Friday, September 4, 2009

Take a Hike

Today was day off number two, but I felt like being outside today because I spent so much of this week in the office, doing paperwork. This morning, while it was still cool, I went for a hike on the nature trail with my trusty side-kick. He is a 4-year-old Great Dane, named Dozer.
The purpose of my hike, other than enjoying being outside, was to make sure that there was still flagging tape up at all of our proposed sign locations on the nature trail. Over the past year, I have been working with a boyscout group on an Eagle Scout project to put up interpretive signs on the nature trail. The scouts used a distance measuring wheel and flagging tape to mark out the appropriate spacing between stops along the trail. I followed them later and looked at what was on the trail as well as what pre-made interpretive signs were available through our supplier. I adjusted the flagging tape and marked out which sign would be at each location. When I received the signs that I ordered, I gave them to the scouts along with our state sign regulations. We discussed the materials and the sizes, and the scouts set to work on building the posts for the signs. They will be here this weekend to help dig the holes along the trail and set the posts. I am really looking forward to the completion of this project!
Dozer and I had a very nice walk. I attached his leash, as well as my camera case to my belt so that I had my hands free to walk with my check list in hand to mark off each stop. Most of the flags were still in place, but a few had succumbed to the forces of nature and I had to replace them. We saw a lot of spiderwebs (in our faces) and fungi while we walked, enjoy the photos.
This is a Net-winged Beetle. I apparently arrived sometime after it had shed its larval skin and emerged as a winged adult. When I first saw it, I wondered what it was eating or what was eating it because of its exoskeleton sitting next to it. When I got home and looked at the photos, I guessed that it was probably a the orange insect's shed and did a little research to find out that my second guess was the right one.
This little Yellow-necked Caterpillar was inspecting my flagging tape as well.
I was surprised to see this lovely little Rain Lilly or Atamasco Lilly in bloom. I saw many of its friends in bloom earlier this summer.
Yes, Dozer, I agree, those are lovely fungi!
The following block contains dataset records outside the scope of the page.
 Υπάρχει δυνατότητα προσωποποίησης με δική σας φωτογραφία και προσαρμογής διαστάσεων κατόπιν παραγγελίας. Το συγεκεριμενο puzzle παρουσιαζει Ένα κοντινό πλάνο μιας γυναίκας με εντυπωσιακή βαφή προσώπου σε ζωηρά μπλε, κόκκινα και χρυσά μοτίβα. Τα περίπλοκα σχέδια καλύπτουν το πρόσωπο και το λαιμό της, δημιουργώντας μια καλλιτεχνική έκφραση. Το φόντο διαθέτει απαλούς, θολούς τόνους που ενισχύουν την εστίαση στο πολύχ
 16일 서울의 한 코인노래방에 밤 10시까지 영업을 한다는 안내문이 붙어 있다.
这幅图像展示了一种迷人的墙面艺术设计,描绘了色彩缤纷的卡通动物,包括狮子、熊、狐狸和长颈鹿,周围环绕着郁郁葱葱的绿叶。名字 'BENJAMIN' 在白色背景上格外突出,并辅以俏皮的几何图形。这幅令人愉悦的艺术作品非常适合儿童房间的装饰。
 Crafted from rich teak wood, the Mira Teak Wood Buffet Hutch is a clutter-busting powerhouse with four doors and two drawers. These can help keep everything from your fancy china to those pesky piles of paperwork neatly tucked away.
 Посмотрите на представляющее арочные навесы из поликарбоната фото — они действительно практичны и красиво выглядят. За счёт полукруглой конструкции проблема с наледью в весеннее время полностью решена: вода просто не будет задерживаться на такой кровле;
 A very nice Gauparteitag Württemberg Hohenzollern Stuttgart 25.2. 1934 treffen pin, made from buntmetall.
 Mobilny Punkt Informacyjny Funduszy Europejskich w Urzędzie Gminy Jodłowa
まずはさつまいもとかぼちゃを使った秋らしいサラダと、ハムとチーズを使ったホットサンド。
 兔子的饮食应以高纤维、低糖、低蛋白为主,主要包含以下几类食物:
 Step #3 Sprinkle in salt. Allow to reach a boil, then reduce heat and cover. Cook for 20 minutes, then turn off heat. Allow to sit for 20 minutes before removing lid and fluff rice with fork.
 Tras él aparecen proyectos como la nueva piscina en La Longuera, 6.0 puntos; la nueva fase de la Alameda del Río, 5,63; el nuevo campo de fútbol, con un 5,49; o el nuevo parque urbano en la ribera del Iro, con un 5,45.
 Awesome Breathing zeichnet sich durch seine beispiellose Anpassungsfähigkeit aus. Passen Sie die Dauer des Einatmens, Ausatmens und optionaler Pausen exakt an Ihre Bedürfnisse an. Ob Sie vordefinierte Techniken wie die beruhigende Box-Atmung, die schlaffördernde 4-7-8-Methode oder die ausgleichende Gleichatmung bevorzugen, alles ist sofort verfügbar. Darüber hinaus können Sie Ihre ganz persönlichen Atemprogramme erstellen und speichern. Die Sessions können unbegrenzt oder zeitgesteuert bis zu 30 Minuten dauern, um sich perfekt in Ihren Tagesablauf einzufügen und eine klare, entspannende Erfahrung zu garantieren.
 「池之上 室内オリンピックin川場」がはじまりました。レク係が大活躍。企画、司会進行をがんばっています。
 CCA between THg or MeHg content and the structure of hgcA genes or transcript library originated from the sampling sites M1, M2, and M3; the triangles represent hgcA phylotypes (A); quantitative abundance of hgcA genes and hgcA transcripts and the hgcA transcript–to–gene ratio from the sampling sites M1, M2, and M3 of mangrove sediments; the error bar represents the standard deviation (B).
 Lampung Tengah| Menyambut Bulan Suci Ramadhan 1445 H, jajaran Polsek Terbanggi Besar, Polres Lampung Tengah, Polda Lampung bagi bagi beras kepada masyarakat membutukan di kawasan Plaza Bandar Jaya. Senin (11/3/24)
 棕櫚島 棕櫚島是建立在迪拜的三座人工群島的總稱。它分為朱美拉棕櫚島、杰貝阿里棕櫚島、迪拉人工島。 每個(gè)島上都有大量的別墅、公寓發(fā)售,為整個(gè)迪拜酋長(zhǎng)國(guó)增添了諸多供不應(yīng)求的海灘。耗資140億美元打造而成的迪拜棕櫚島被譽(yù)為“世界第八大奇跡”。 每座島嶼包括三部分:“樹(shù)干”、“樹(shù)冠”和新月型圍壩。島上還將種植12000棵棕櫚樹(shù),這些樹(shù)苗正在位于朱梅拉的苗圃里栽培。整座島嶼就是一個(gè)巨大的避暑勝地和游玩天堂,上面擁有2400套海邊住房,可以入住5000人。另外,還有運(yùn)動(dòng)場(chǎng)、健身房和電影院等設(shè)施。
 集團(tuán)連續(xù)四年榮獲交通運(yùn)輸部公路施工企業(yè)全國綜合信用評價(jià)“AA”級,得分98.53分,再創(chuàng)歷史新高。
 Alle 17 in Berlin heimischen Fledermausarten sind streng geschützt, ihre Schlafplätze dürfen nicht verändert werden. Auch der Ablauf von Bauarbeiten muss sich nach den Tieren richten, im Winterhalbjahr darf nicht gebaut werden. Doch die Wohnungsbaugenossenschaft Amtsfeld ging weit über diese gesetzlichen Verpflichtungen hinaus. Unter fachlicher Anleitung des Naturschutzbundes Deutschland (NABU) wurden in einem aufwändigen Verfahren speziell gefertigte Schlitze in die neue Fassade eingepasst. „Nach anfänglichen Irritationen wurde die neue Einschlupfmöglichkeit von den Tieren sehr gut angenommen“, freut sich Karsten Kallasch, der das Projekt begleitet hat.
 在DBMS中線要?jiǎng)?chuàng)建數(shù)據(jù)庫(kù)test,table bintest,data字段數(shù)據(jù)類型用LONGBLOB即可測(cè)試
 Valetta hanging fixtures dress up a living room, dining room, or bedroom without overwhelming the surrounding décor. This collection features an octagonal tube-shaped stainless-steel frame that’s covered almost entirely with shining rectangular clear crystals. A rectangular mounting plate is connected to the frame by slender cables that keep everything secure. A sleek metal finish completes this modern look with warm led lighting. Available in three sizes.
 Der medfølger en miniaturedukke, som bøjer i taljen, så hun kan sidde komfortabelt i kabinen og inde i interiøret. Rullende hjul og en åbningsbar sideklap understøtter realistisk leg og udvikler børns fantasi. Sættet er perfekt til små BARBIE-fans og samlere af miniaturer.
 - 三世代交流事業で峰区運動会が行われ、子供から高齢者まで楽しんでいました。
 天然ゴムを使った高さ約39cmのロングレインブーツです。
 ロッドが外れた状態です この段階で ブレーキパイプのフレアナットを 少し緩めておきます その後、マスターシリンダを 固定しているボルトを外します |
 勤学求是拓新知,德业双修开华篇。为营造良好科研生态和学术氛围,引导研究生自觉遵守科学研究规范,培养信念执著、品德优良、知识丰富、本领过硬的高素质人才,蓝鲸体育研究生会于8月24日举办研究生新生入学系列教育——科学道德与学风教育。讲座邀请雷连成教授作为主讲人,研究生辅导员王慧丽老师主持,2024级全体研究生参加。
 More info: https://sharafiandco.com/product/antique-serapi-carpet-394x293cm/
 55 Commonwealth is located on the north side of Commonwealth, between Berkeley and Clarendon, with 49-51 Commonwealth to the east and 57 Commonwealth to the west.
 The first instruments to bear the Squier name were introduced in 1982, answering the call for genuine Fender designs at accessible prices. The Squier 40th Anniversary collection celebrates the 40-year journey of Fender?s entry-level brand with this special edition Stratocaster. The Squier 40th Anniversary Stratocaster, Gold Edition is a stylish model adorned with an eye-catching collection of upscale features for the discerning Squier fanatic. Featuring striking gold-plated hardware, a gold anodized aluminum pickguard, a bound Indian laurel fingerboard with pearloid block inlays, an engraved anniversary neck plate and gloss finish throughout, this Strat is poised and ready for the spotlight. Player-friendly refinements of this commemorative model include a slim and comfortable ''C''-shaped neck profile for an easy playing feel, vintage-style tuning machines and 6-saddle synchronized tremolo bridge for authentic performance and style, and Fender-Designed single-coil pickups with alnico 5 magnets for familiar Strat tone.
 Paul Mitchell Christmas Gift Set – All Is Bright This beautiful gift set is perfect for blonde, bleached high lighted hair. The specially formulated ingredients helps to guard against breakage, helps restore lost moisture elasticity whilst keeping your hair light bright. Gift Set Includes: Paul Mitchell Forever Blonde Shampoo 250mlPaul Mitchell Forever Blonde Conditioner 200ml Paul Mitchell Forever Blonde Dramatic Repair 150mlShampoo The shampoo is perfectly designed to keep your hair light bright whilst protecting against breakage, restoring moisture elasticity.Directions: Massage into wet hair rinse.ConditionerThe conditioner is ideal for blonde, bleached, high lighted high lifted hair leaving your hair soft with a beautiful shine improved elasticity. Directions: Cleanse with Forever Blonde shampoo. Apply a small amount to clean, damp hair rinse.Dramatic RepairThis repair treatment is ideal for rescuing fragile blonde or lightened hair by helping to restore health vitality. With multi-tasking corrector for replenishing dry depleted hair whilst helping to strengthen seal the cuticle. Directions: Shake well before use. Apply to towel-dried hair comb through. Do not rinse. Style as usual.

Thursday, September 3, 2009


Today is my first day off of the week. I spent most of the day at home relaxing. I did get one call because the cash register was acting up and one call because my evening park attendant would not be in. That meant that I had to close the park, but it really didn't interrupt my day off too much. I made one drive through the park in the early evening to see that it was very quiet, only a few fishermen were left. I made another drive through at closing time and made sure the park was clean and secure. I also cleaned up the restroom at the barn so that it is ready for boy scouts who will be camping this weekend. It was a quiet day today, enjoy some photos from a more exciting day. These were all taken last Sunday and I just didn't have enough room for them all then.
This is a Bumble Bee. They are not aggressive bees and will rarely sting. I remember watching my dad pet one when I was very little. I also enjoyed scaring my friends by petting them too.
This is a Tussock Moth Caterpillar. There are lots of different kinds of Tussock Moths. There are also lots of kinds of Tussock Moth Caterpillars that have this similar "hair do" in different colors and patterns. They become boring brown moths, but I love the caterpillars!
This is a Red-spotted Purple, checking out a puddle on the railing. I liked the silhouette.
This is a male Tropical Checkered-Skipper. I love their subtle blue fuzz.
This is a female Tropical Checkered-Skipper. She is dressed more formally in white and black.
This is not a great photo of this poor Spicebush Swallowtail, but I liked the colors in this photo.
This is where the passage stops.